Only the lines below from the one that holds "Watercolor painting of" through the one that holds "Носки детские шерстяные" should appear in the answer, copied exactly, end lines included and pictures omitted.

◆ Extracted data:

-------------------------

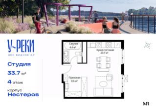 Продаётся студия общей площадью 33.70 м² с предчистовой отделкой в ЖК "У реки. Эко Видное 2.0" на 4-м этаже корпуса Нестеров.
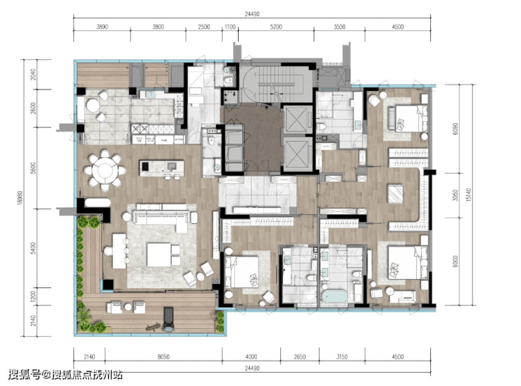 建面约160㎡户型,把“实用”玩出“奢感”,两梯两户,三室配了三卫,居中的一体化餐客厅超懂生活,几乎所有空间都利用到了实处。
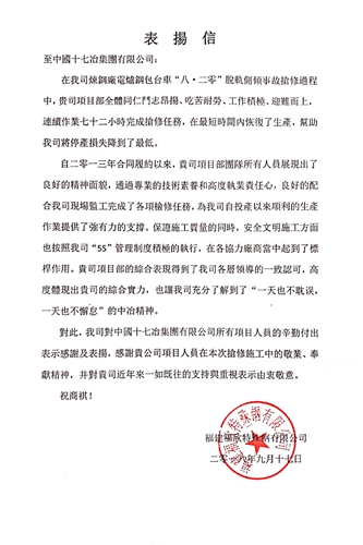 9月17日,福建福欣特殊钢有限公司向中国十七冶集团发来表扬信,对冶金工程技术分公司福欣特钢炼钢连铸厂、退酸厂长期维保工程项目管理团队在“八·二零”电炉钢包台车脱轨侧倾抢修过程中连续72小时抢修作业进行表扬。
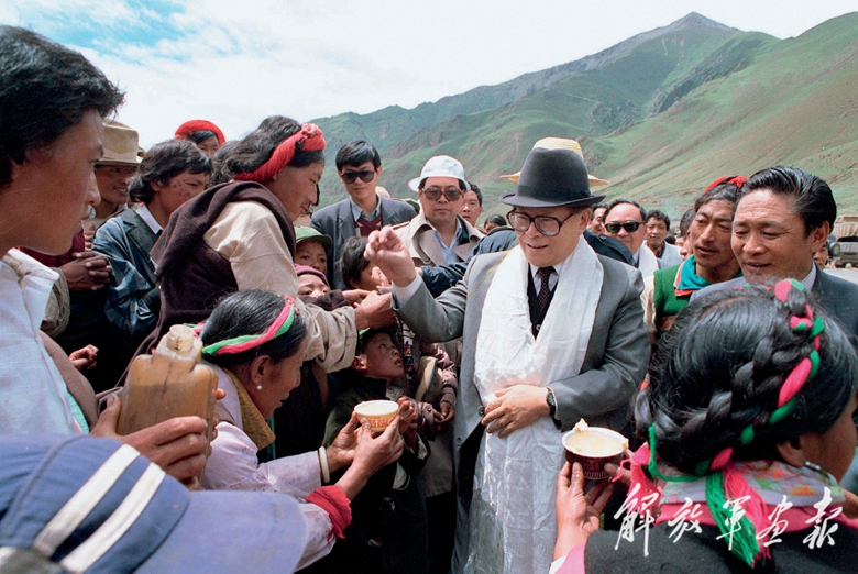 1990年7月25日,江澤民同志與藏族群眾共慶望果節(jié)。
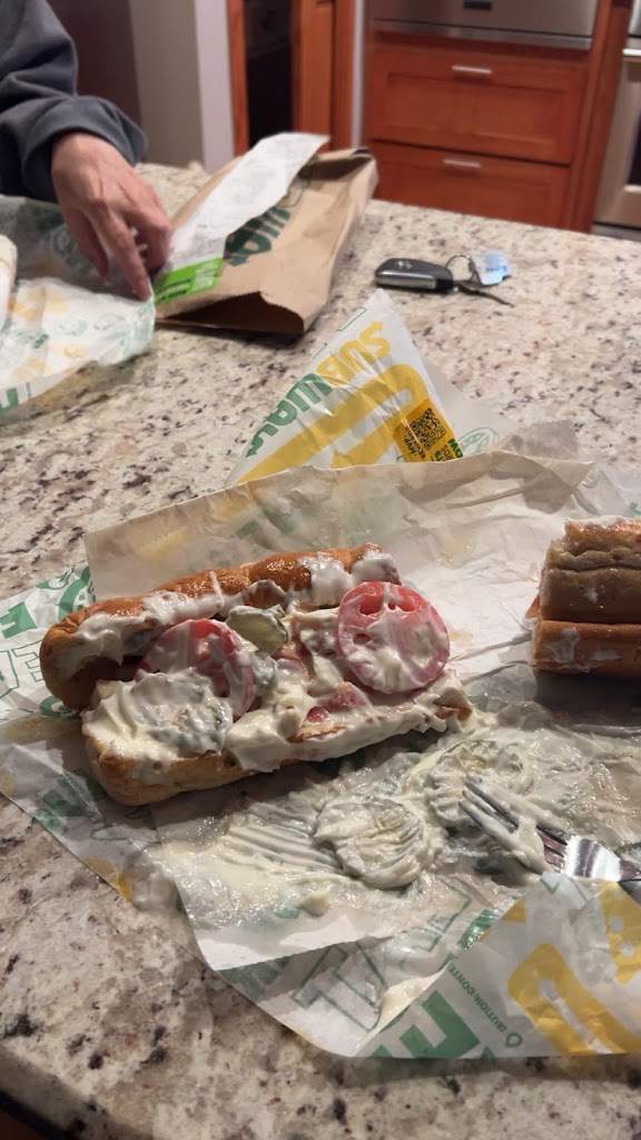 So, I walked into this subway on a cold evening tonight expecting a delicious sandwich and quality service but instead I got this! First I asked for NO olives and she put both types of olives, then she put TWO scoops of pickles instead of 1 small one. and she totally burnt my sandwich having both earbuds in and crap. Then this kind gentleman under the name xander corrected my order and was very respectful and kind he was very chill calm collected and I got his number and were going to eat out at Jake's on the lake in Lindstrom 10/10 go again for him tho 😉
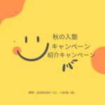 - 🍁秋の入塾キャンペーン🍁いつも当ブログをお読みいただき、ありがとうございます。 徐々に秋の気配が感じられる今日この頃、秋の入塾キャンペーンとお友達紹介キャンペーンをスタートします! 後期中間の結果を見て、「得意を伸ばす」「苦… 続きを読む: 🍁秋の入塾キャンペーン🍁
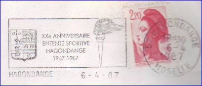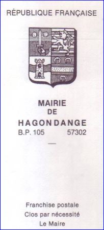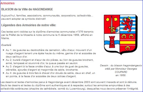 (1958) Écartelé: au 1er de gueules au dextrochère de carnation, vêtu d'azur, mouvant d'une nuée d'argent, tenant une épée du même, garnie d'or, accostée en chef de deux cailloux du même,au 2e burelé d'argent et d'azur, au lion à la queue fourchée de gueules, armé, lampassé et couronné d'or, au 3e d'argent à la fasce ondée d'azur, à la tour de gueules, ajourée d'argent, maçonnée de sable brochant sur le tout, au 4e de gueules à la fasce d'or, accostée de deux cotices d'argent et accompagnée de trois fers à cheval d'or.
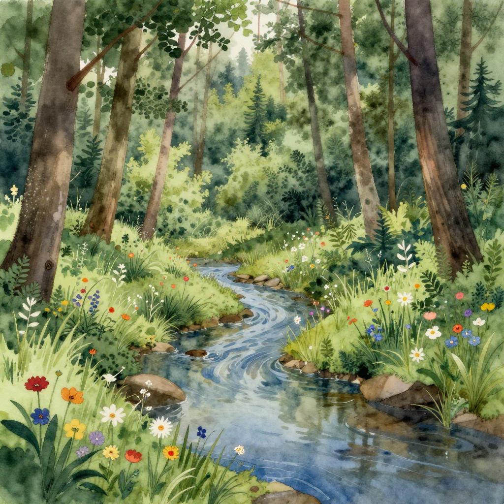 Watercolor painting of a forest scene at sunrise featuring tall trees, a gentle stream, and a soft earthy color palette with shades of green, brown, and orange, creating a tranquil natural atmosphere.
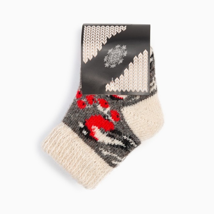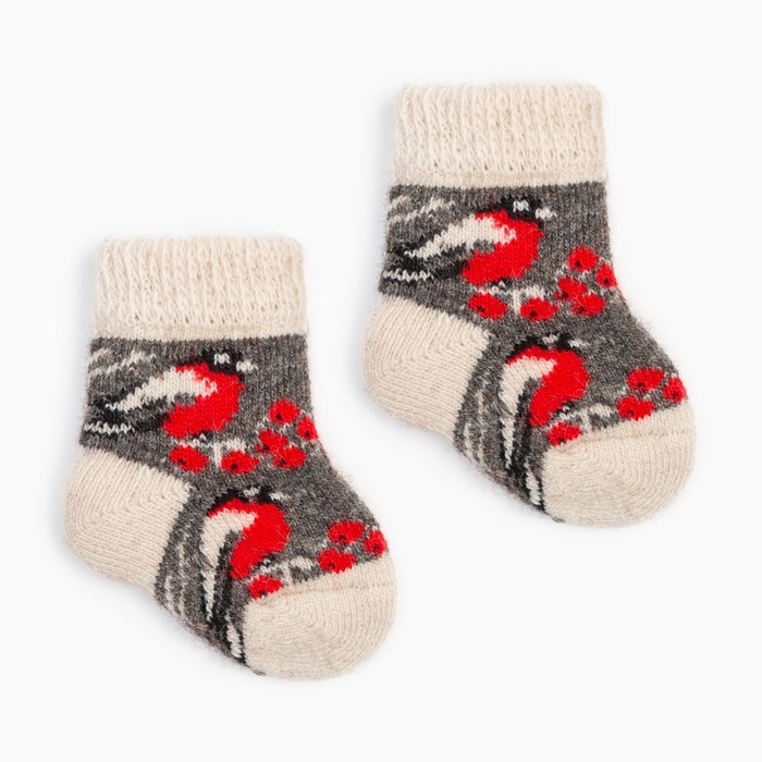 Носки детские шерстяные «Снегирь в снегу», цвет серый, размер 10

-------------------------

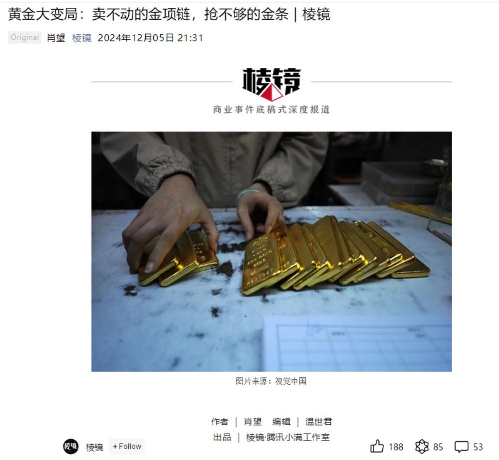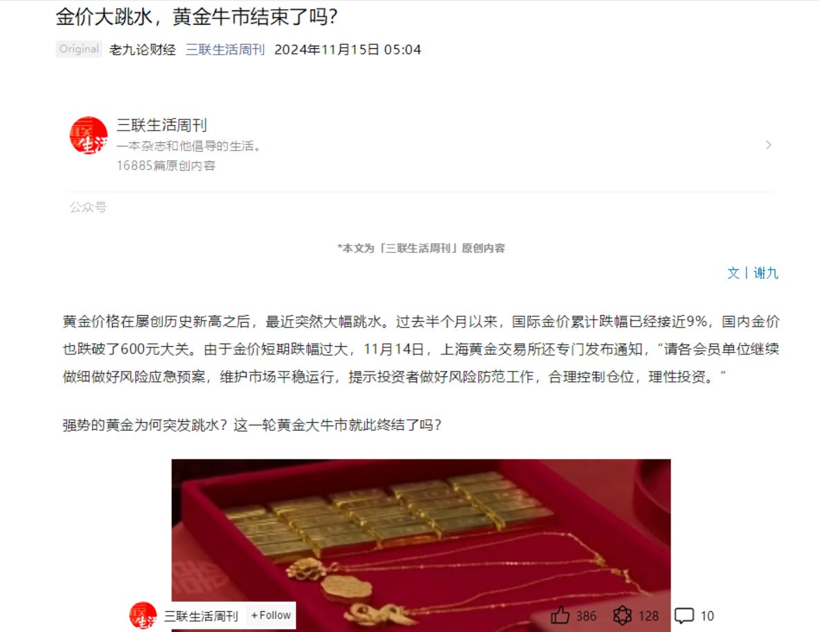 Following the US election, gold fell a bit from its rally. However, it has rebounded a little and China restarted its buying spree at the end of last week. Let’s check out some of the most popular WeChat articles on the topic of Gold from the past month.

-------------------------

◆ Output:
 Watercolor painting of a forest scene at sunrise featuring tall trees, a gentle stream, and a soft earthy color palette with shades of green, brown, and orange, creating a tranquil natural atmosphere.
 Носки детские шерстяные «Снегирь в снегу», цвет серый, размер 10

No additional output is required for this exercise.